Each read-only AtomSpace corresponds to a directory, so that each Atom appears in the links[] json member of the directory. Updated AtomSpaces are published on IPNS, so that a read-write AtomSpace corresponds to a unique key (the key used to generate the IPNS name). That is, when an Atom is added to/removed from the Atomspace, the links[] list is modified to add/remove that Atom, thus creating a new IPFS CID. Then IPNS is updated to point at this new AtomSpace CID. The good news: one knows exactly which version of an AtomSpace one is working with (this is very unlike the current AtomSpace!)
Currently, IPNS is slow. A core assumption in the design is that someday, this will be fixed, and IPNS will be fast.
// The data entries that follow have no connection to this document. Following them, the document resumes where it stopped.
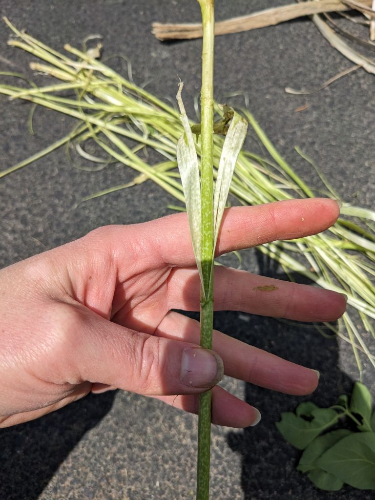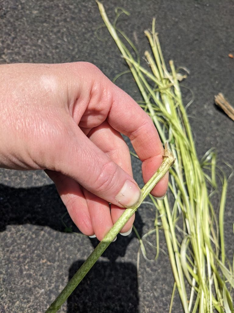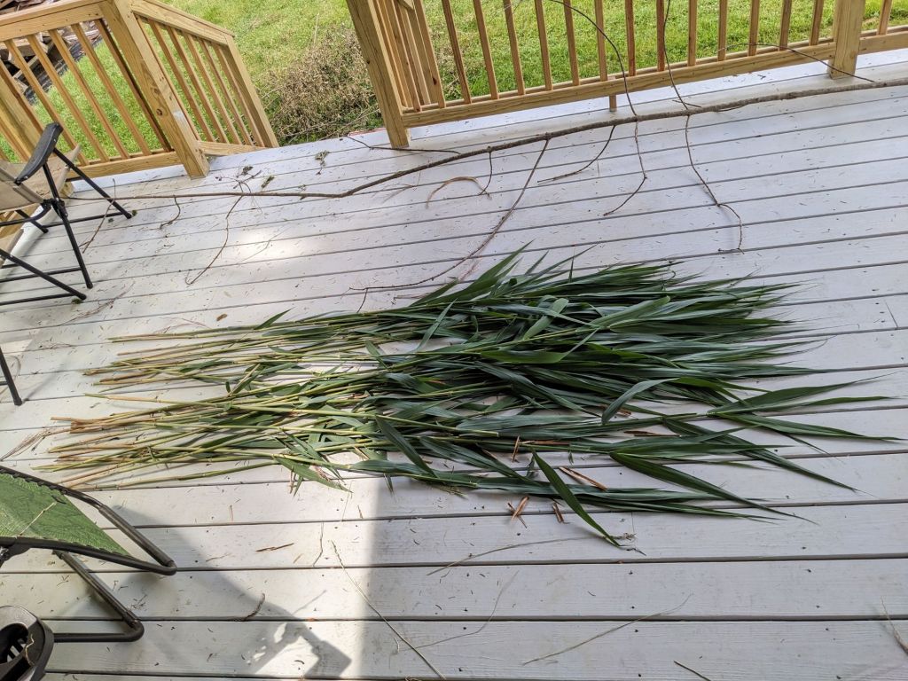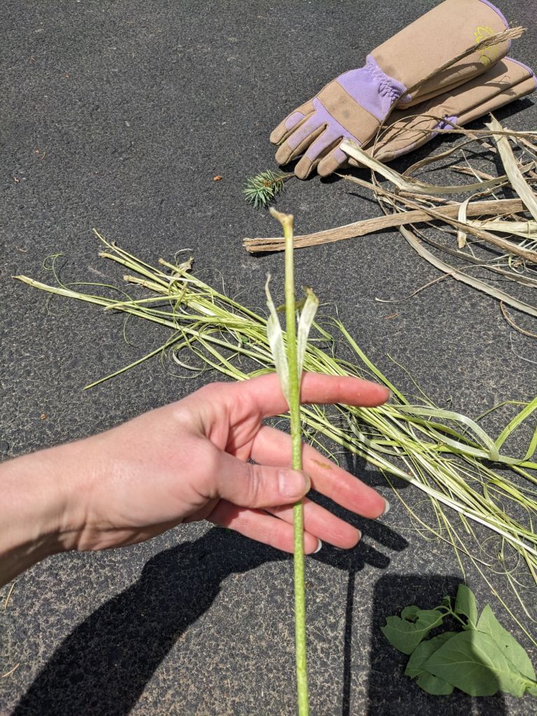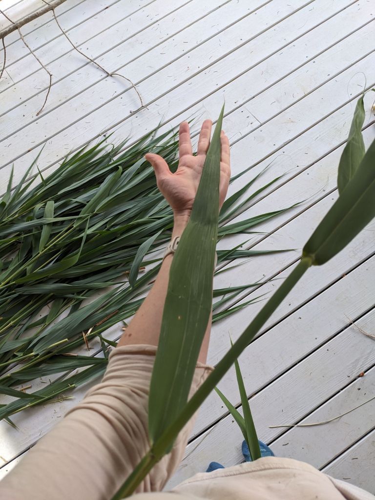 This large, invasive foxtail grass showed up in some garden soil I ordered and has been going strong ever since. I would be happy to deplete it an prevent it from reproducing so much. In addition to experimenting with the leaves for cordage, I recently started playing with splitting the longer stem sections to use like straw.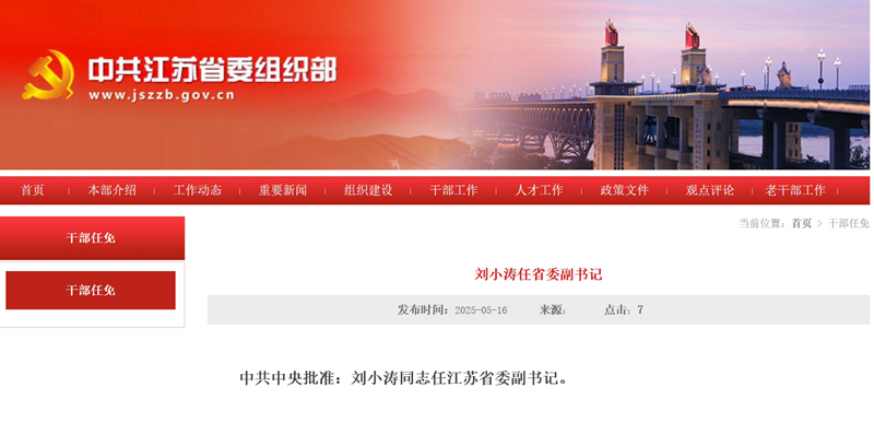 中共中央批準(zhǔn):劉小濤同志任江蘇省委副書記。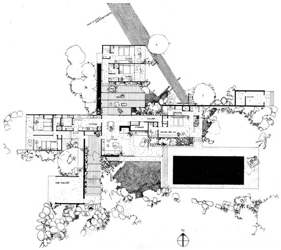 Richard Neutra, Kaufmann Desert House, Palm Springs, 1946–1947. Plan. (Published in Boesiger 1951, p. 71, permission courtesy Dion Neutra, architect ©).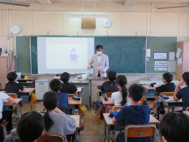 ふるさと学の出前授業としてふるさと文化財課より講師に来ていただきました。5年生の時にはくろまろ君について学習しましたが、今回はその500年後のお話。この授業を導入として、調べ学習を行い、11月に高向地区で開催される市主催の行事「ぐるっとまちじゅう博物館」の子ども解説員を担います。どんな解説員になってくれるのか楽しみですね。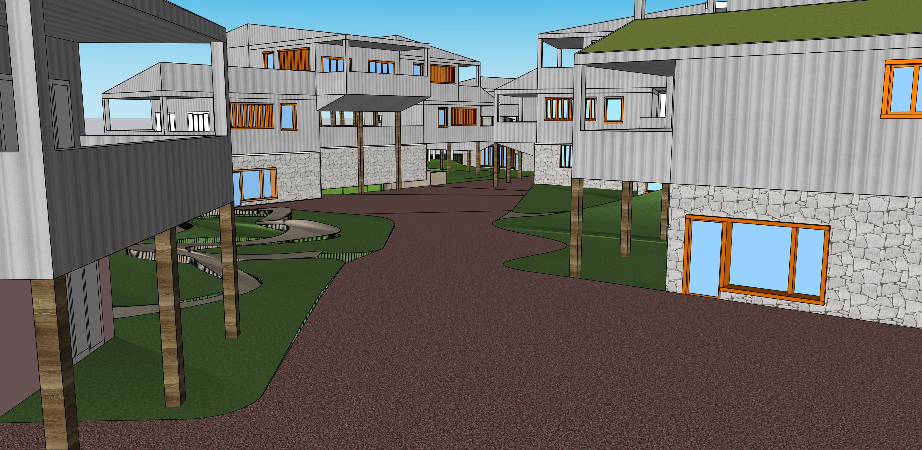 create a serene architectural rendering of a hillside community with modern minimalist buildings the buildings are made of light gray corrugated metal with stone bases and feature wooden accents in warm earthy tones the large windows reflect a soft blue sky the ground is covered in lush green grass with winding stone pathways the path is a subtle rich brown adding depth to the landscape the atmosphere is peaceful and tranquil evoking a sense of harmony with nature soft natural lighting enhances the warm and inviting atmosphere architecture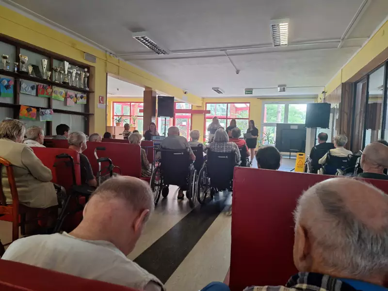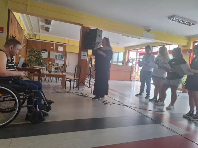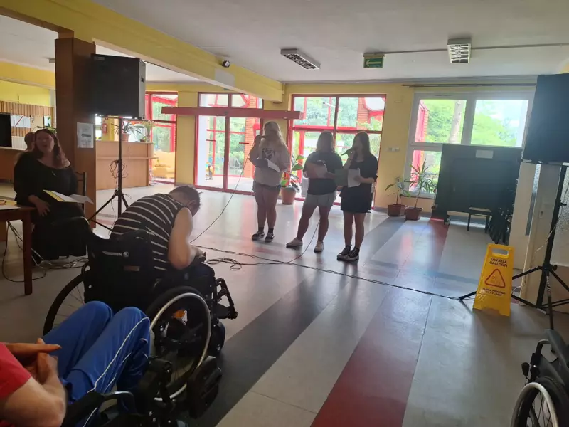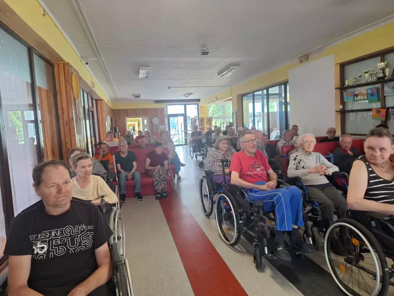 W dniu 25.06.2024r odwiedzili nas uczniowie wraz z nauczycielem z Zespołu Szkół Ogólnokształcąco-Technicznych w Lublińcu. Młodzież zaprezentowała nam kilka piosenek patriotycznych oraz piosenki o klimacie letnim. Jest nam bardzo miło że mimo wakacji znaleźli się uczniowie, którzy chętnie przyszli do naszego Domu aby umilić naszym podopiecznym czas. Dziękujemy za odwiedziny i czekamy na kolejne spotkanie.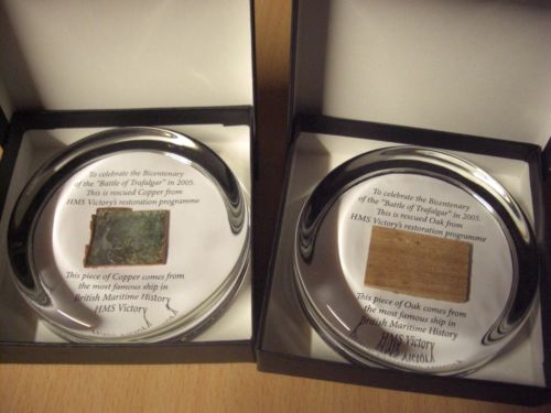 Ms Victory Twin Set of Copper & Oak Crystal Glass Paperweights + Coa Great Gif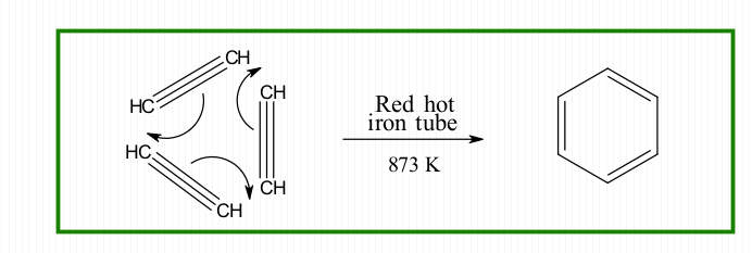 環狀聚合是用於由乙炔製備苯的方法之一。在這個過程中,乙炔透過 873 K 的紅熱鐵管。然後,乙炔分子進行環狀聚合生成苯。

Or that, at least, the IPNS latency will be immaterial, and that we'll work with the most-recently-resolved values.
Design alternative A:
- Every Atom has a corresponding PKI key. So, millions of keys. The key name is globally unique: it is just the name of the AtomSpace, followed by the scheme string of the Atom.
- The private part of the PKI key is held by the key-creator. It stays private, unless shared.
- The AtomSpace is a single file, listing all of the Atoms in it, together with all of the public keys for each Atom. This means that the AtomSpace is centralized.
- If a user wants to find the current Valuation of an Atom, they must:
  - Obtain the AtomSpace file somehow (either someone gives the user the CID of the current AtomSpace, or the user obtains the CID from an IPNS lookup.)
  - Look up the Atom in that file, if present.
  - Examine the public key of that Atom.
  - Perform the IPNS lookup for that key.
  - Fetch the file corresponding to the CID that IPNS returned.
  - Parse the file, extract the desired Value.
- Incoming sets are stored along with the Valuation file.
- If a user wants to change (update) the Valuation of a Atom, they must:
  - Obtain the private key for that Atom/Atomspace combination, by asking someone for it.
  - Update the Valuation file.
  - IPNS publish the new file.
  Note that the updates to the IncomingSet are conflict-prone. So a CRDT format for IncomingSets is required.
Issues:
- Publishing a single large AtomSpace file is ugly; it prevents simultaneous, high-speed updates. It's centralized and not scalable. There's conflict resolution issues if there are multiple updaters.
Status:
- The above was NOT followed, in that IPNS was avoided. Instead, there is a master AtomSpace file containing only IPFS CID's for Valuations.
Design Alternative B: Perhaps it is possible to store mutable values using the DHT API directly? This would also allow alpha-conversion issues to be handled (as we'd alpha-convert to a unique combinator form, and hash only that.)
Q: How to load the incoming set of an Atom? Currently, the incoming set of an Atom is stored as part of the mutable version of that Atom, and can therefore be fetched. The IPFS CID of the current mutated Atom is obtained by lookup of the AtomSpace (from the single, large directory file that the AtomSpace is stored in).
Q: is Pin needed to prevent a published atomspace from disappearing? Doesn't seem to be!? (Yet. As long as my IPFS daemon stays up...)
Idea: Use pubsub to publish value updates.
The current encoding is gonna do alpha-equivalence all wrong. As long as there is a single writer, then the AtomSpace can hide this via the usual alpha-renaming techniques. But in a multi-user setup, this will surely lead to distinct-but-alpha-equivalent Atoms. The core problem is that we cannot tell IPFS to skip certain parts of the file, when computing the content hash. Maybe this is possible with direct DHT access?

IPNS++

It currently appears to be impossible to map the AtomSpace into IPFS without resorting to a single, centralized file that contains the AtomSpace contents. Clearly, this would be a bad design, for all of the usual reasons associated with centralization.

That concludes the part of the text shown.